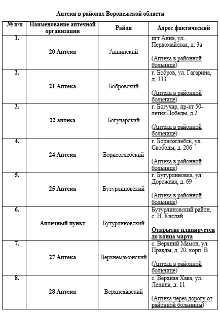 Публикуем список аптек с льготными лекарствами в Воронежской области
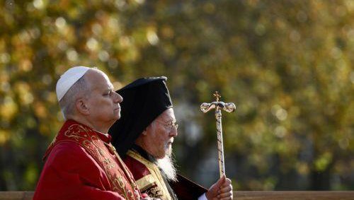 Ο Πάπας Λέων και ο Οικουμενικός Πατριάρχης Βαρθολομαίος συμμετείχαν το απόγευμα σε τελετή στη Νίκαια της Βιθυνίας, τιμώντας τη συμπλήρωση χιλίων επτακοσίων ετών από την πρώτη Οικουμενική Σύνοδο.
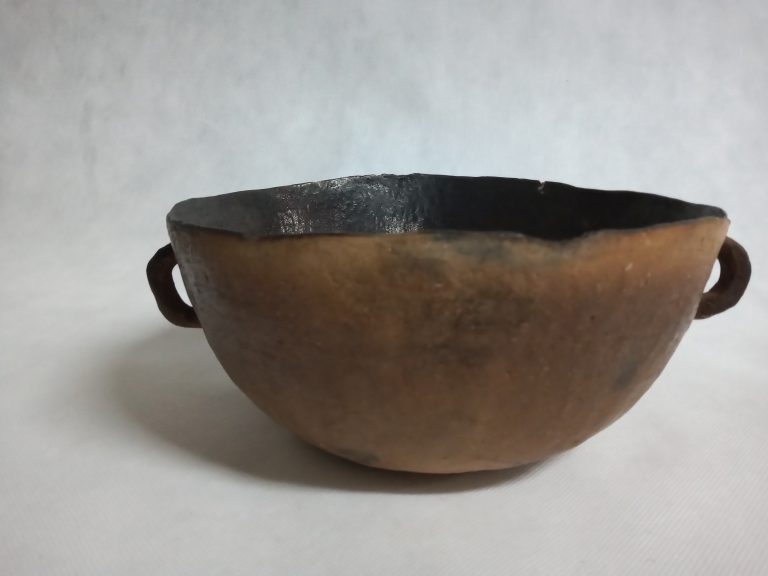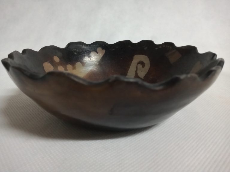 Tigela gameliforme em miniatura, lábio ondulado e base plana. Paredes interna e externa polidas e enegrecidas por esfumaramento. Decoração na face interna com pintura em negativo de motivos...
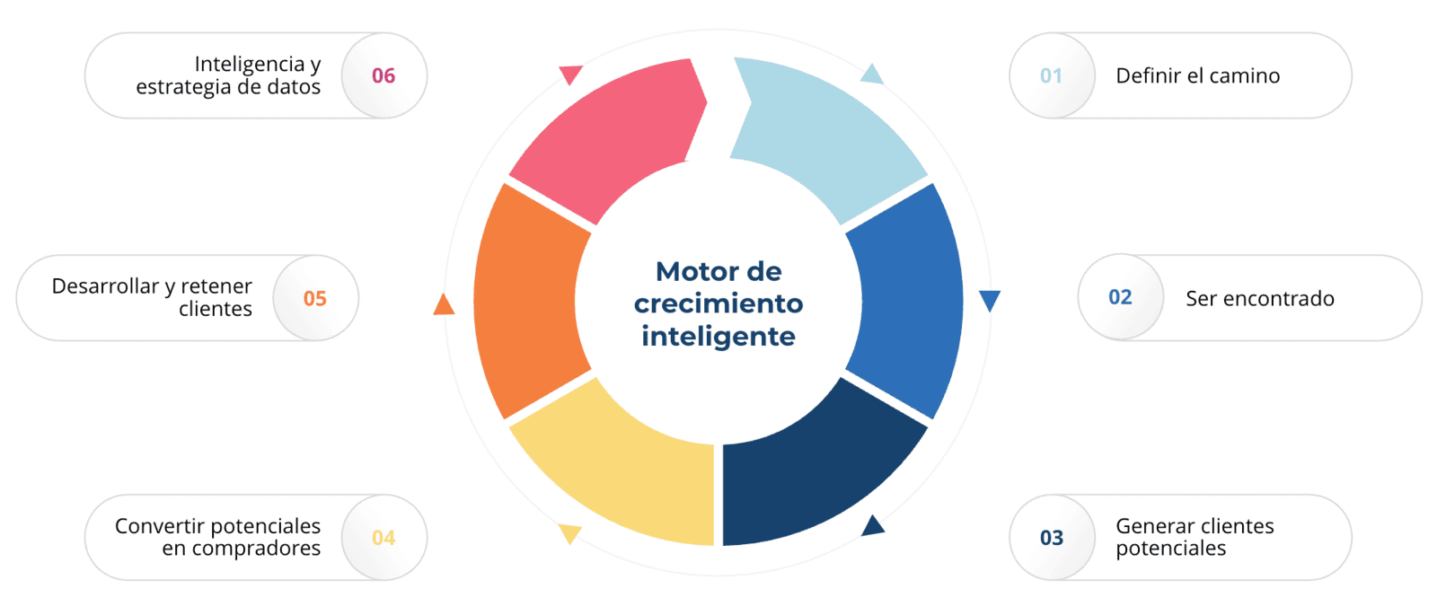 Activamos un sistema circular, de seis elementos, donde la estrategia, el marketing, las ventas y la tecnología operan en sincronía para maximizar su rentabilidad.
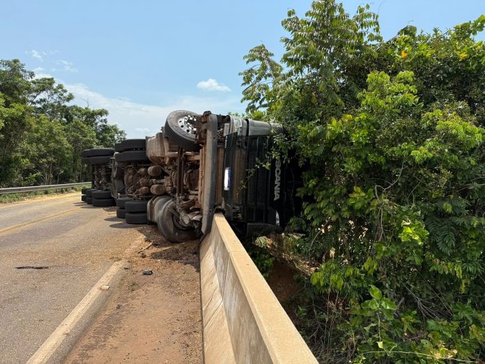 Caminhão tombou sobre ponte na TO-455, em Luzimangues
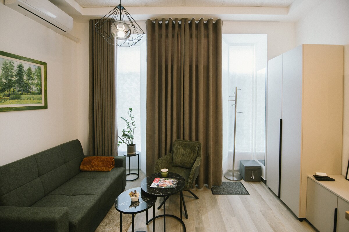 Este alojamiento único está decorado en un estilo inusual. El apartamento-estudio consta de una cocina con comedor y una zona con cama. El pequeño baño está separado por una puerta. El estudio está recientemente renovado y totalmente equipado, con aire acondicionado y conexión WiFi gratuita. Si necesita aparcamiento, debe reservarlo al reservar el apartamento (se encuentra en el garaje subterráneo de la estación de autobuses) y recibirá una tarjeta para su uso gratuito.
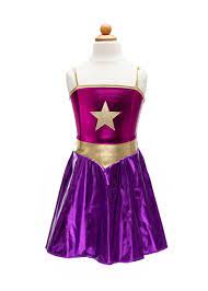 Tenue complète de super héroïne comprenant une robe, une cape et une coiffe.

::::::

| ACTION ITEM |
Once the line containing "Ο Πάπας Λέων" has been copied, stop; everything from the first line of the data up to it must be copied exactly, without pictures.

| WRITTEN RESPONSE |
 Публикуем список аптек с льготными лекарствами в Воронежской области
 Ο Πάπας Λέων και ο Οικουμενικός Πατριάρχης Βαρθολομαίος συμμετείχαν το απόγευμα σε τελετή στη Νίκαια της Βιθυνίας, τιμώντας τη συμπλήρωση χιλίων επτακοσίων ετών από την πρώτη Οικουμενική Σύνοδο.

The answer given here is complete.